The title of this article may be triggering to some, and for good reason. Nonetheless, it is a topic that must be taken out of the shadows and given its time in the sun.
Enlightenment entails looking within our own personal shadow, where landmines hide, ready to explode. It means risking being emotionally triggered, so that we can access our core wounds and heal them.
Perhaps that is the allure of a narcissist. With their glittering fantasy world which transcends reality, we feel we can escape the consequences of our past, which includes difficult truths, as well as the repressed pain deep in our unconscious.
Yet the mind is a cunning trickster.
The narcissist’s realm, at first, is seamless, pleasurable, childlike and alluring. It lowers your boundaries, washes away your doubts, and unleashes your vulnerable, authentic Self. Eventually, however, the dysfunction arrives.
While the narcissist’s behaviour is well-documented, the target’s is not. You may begin the relationship rather happy, but eventually you notice yourself growing clingy, anxious, possessive even. It is not only until much later that you realise that the narcissist aggravated those feelings by shaming and gaslighting you. They may have even played exes and other people off against you via triangulation, which spiked your insecurity.
As the relationship progressed, you grew more erratic, sometimes pulling away, sometimes clinging, and sometimes growing suspicious and paranoid.

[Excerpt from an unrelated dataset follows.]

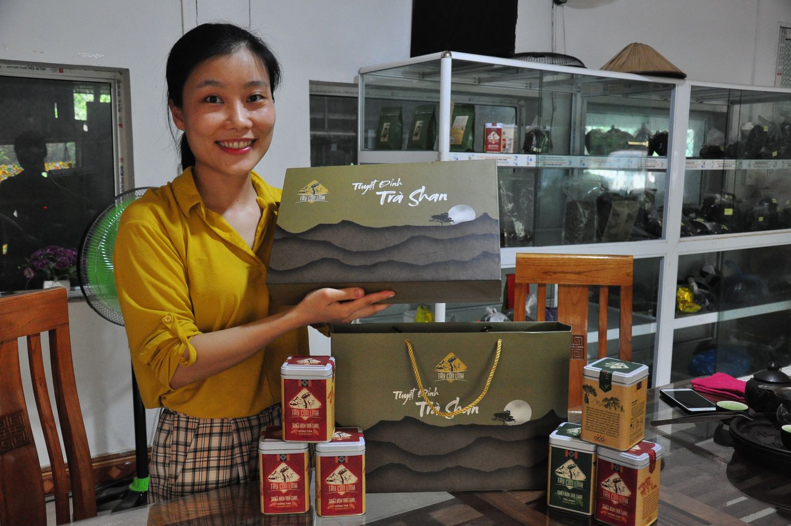 Chị Mai Nhung giới thiệu sản phẩm cao cấp chè hữu cơ Tân Bắc (Quang Bình).

You alternated between the heady romantic days, and dystopian games and misery. Your emotional attachment grew stronger at the same rate that the relationship devolved into craziness. Eventually, you began to question who you really were.
An important question is: How much of the emotions, behaviours and madness originated from the narcissist, and how much from you? While you may have not asked for the drama, you did partake in it. One could argue that you were trauma bonded, that you had grown addicted to a cycle of manipulation. Alternating between heaven and hell had become an all-consuming experience. But was there more to it?
You Are What You Love
Narcissists are puppet masters. They bring nothing of substance, but rather they work with what is already there.

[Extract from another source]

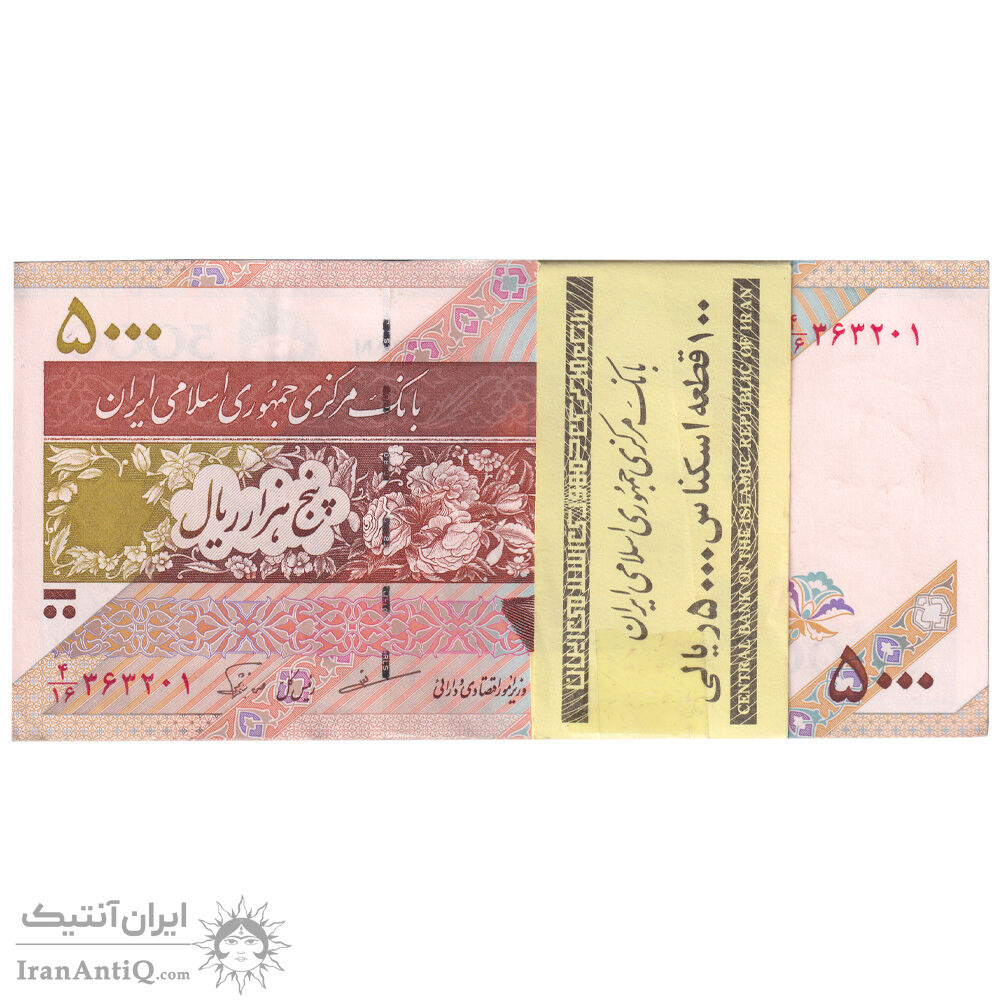 بسته اسکناس 5000 ریال امام (مظاهری - نوربخش) - UNC - جمهوری اسلامی

So what does a narcissist find in their target? Yearning, hopes and dreams. This is what directs the initial idealisation phase. Yet that is merely the spark which lights the trauma bond. The narcissist also looks deeper than that. Your heartbreak from childhood. The despair you buried deep to keep it from breaking you. The abandonment which left you feeling unlovable and undesirable. Broken dreams which had no path for expression. The constant disappointments. To survive a bleak world, you left all of this behind, and focussed on the light. The narcissist uses that light to dazzle you, yet their focus is always in one place: The darkness.

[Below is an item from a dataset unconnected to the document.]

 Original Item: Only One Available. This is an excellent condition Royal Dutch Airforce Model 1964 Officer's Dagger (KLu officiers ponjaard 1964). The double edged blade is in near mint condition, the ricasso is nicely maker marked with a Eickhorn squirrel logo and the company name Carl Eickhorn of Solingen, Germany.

Your shadow yearns to burst out into the light. Your repressed trauma and disowned parts create an unbearable pressure inside you. As a result, you loved the narcissist because they were the pressure release. Perhaps you were made to feel stupid in early life, and so the narcissist’s supposed intelligence lulled you in. Maybe you dared to share your dreams and ambitions with the narcissist, and they were the first to encourage you, knowing it would hook you on them. You might have felt brittle and hopeless, and the narcissist showed up and demonstrated strength and optimism. And the most difficult thing to admit: Perhaps you harboured hidden grandiosity, and found the narcissist’s audacity and bravado arousing. You wanted to be more, to have more, to experience more, and the narcissist was the way.